## Given information:

========================================================================

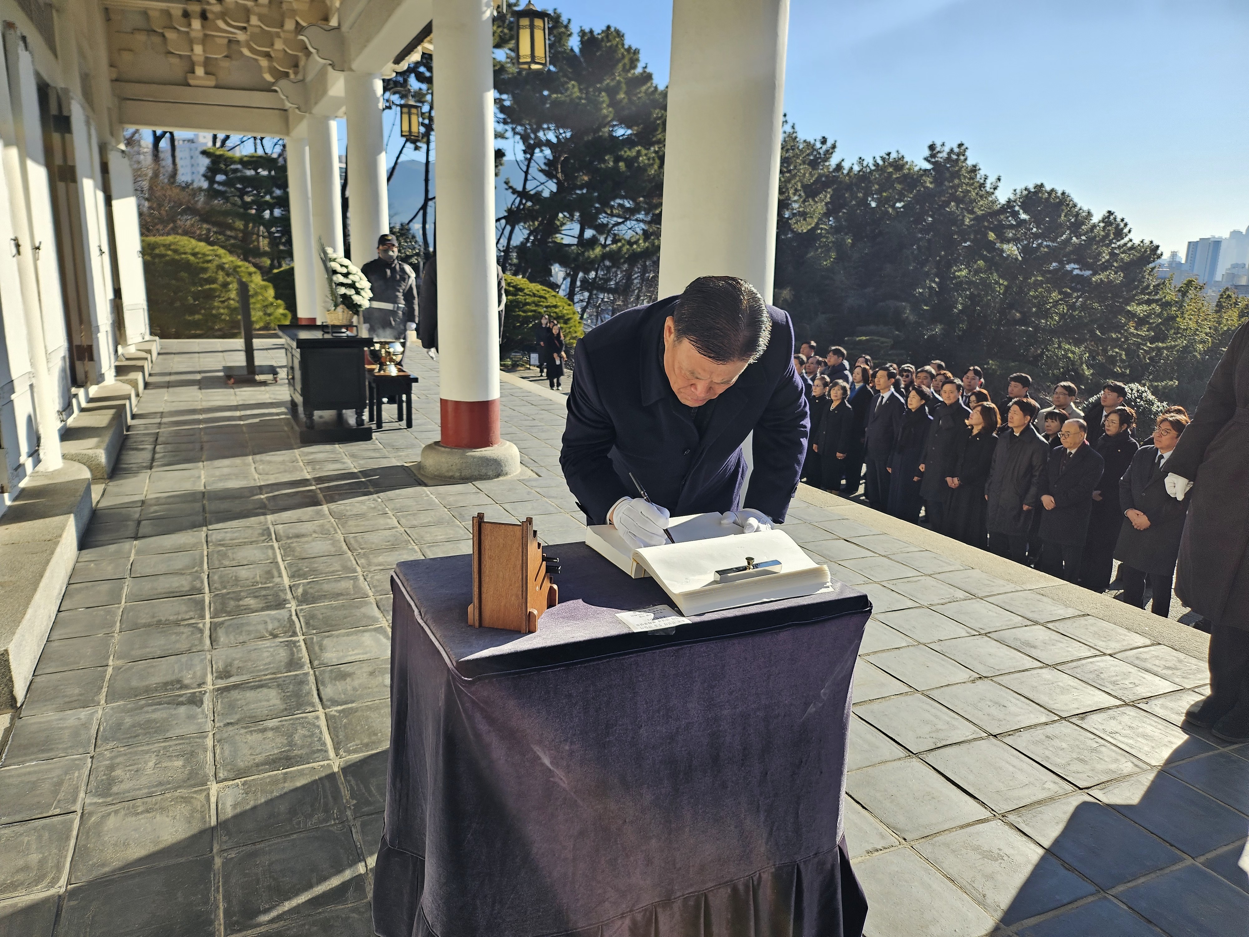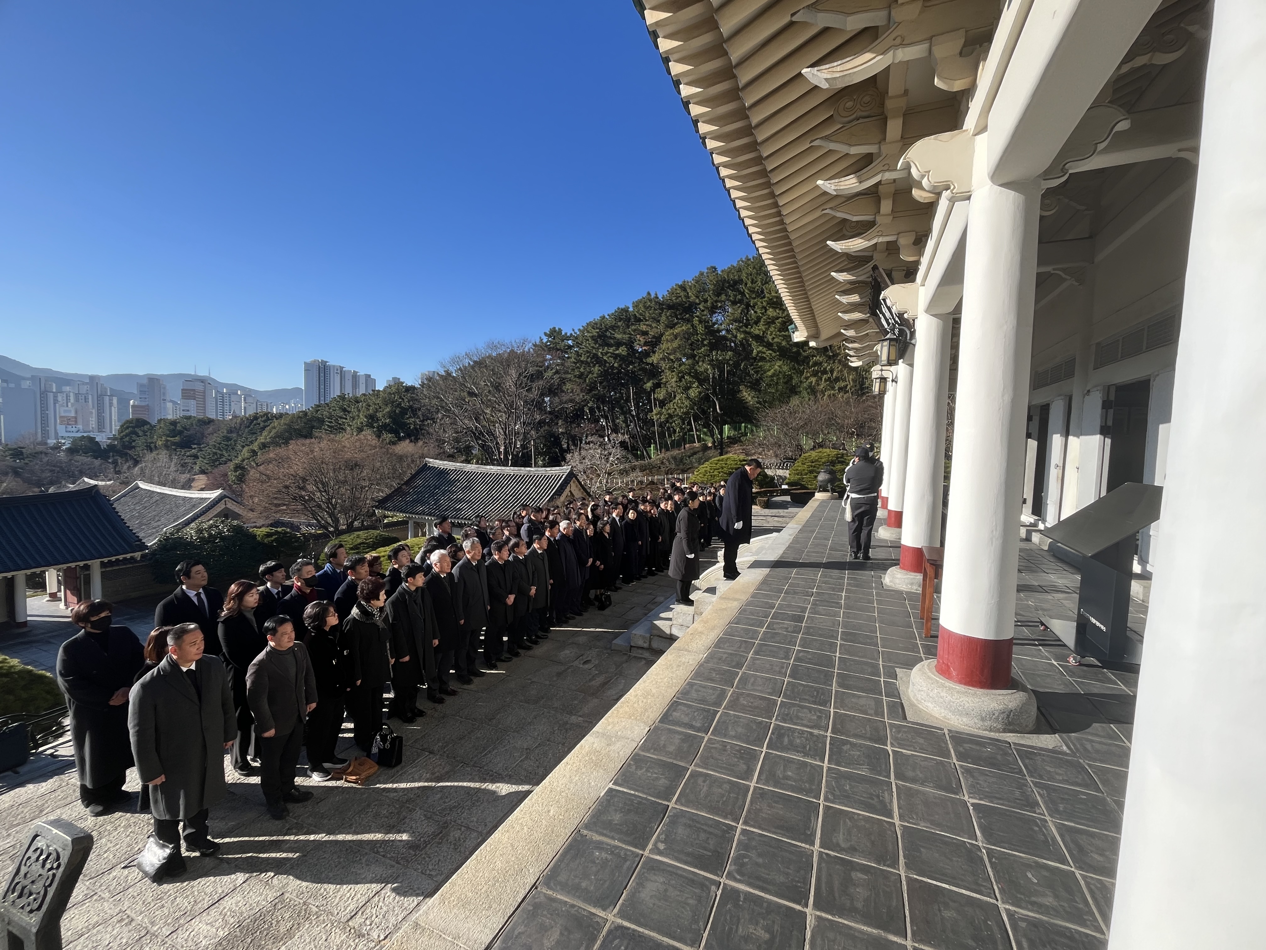 민주평화통일자문회의 부산지역회의(부의장 박사익)는 지난 1월 6일 오전 10시, 박사익 부의장 주최로 부산지역 간부 자문위원 등 100여 명이 참석한 가운데 충렬사 참배 및 신년인사회를 개최하였다.
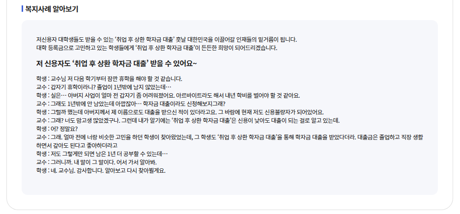 | 30대/대전 | "대학원 진학을 고민했는데 취업후상환 대출 덕분에 부담없이 석사과정을 마칠 수 있었습니다. 연구에만 집중할 수 있어서 좋은 성과를 냈어요." | 대학원생도 4구간 이하면 신청 가능 |
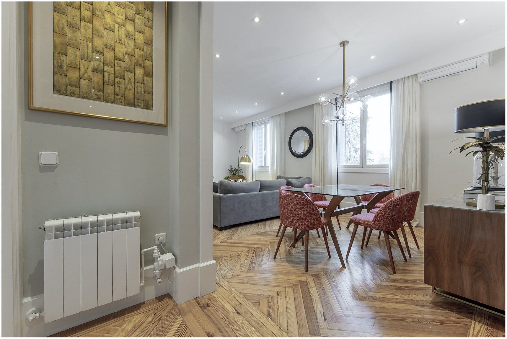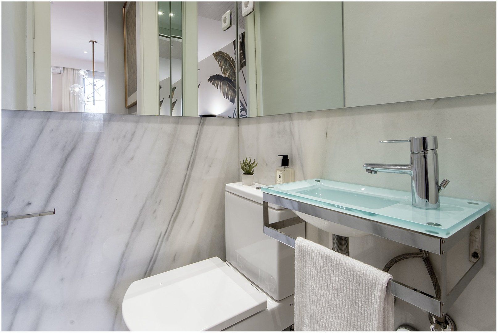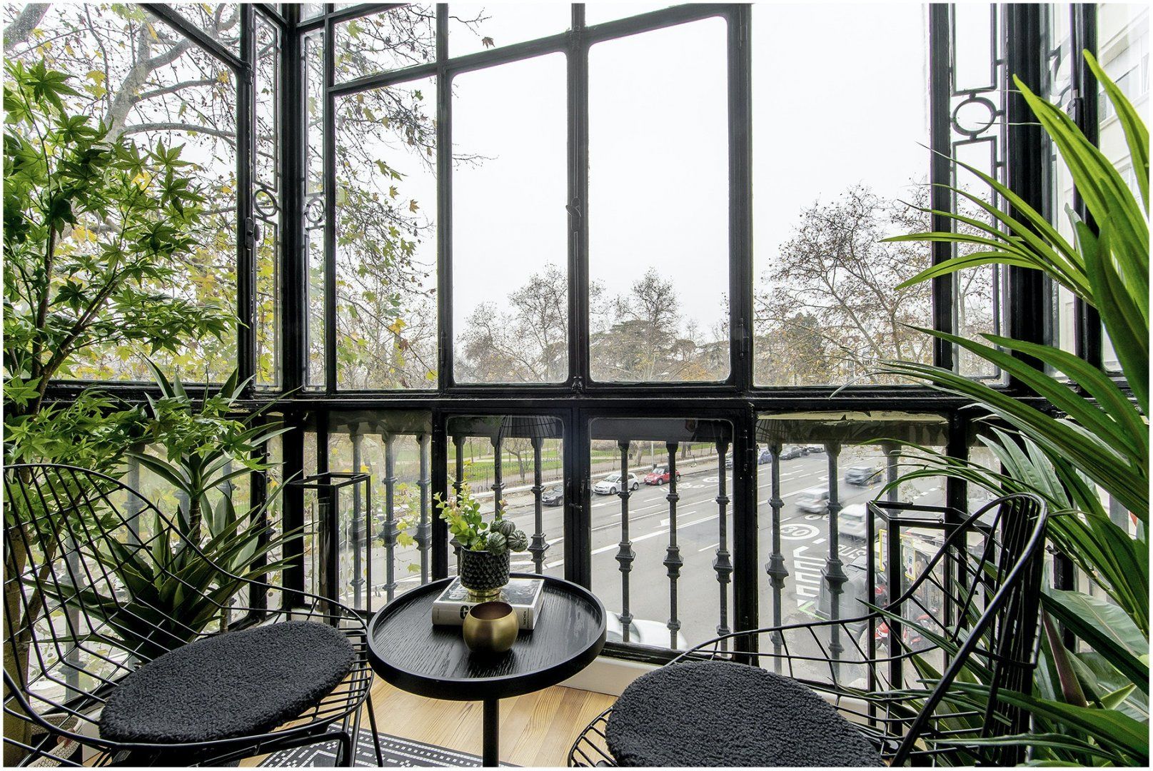 The great thing about living so close to a park is that it can feel like your private garden (albeit one you've generously allowed everybody else to visit). This elegant apartment sits just across the street from El Parque del Buen Retiro, an expansive green space in the heart of Madrid filled with gardens, fountains and galleries — Palacio de Cristal is only fifteen minutes' walk away, for example. It would be fair to say that the design choices were inspired by this proximity to nature, with a tastefully painted tropical motif on the wall of the living area and an enclosed glass balcony off the main bedroom filled with plants. Surprisingly, this isn't the only balcony, with another giving wonderful views of the park — who wouldn't want to wake up to that sight? Back inside, the herringbone parquet flooring, dazzlingly white kitchen and chic statement lighting combine for an interior that exudes contemporary luxury. Staying here will show you why this is one of the most coveted neighbourhoods in the Spanish capital.

========================================================================

## Work required:
All that is needed is the exact run of lines from the start of the material above through the one containing "이하면 신청 가능 |", pictures left out.

## Result for this exercise:
 민주평화통일자문회의 부산지역회의(부의장 박사익)는 지난 1월 6일 오전 10시, 박사익 부의장 주최로 부산지역 간부 자문위원 등 100여 명이 참석한 가운데 충렬사 참배 및 신년인사회를 개최하였다.
 | 30대/대전 | "대학원 진학을 고민했는데 취업후상환 대출 덕분에 부담없이 석사과정을 마칠 수 있었습니다. 연구에만 집중할 수 있어서 좋은 성과를 냈어요." | 대학원생도 4구간 이하면 신청 가능 |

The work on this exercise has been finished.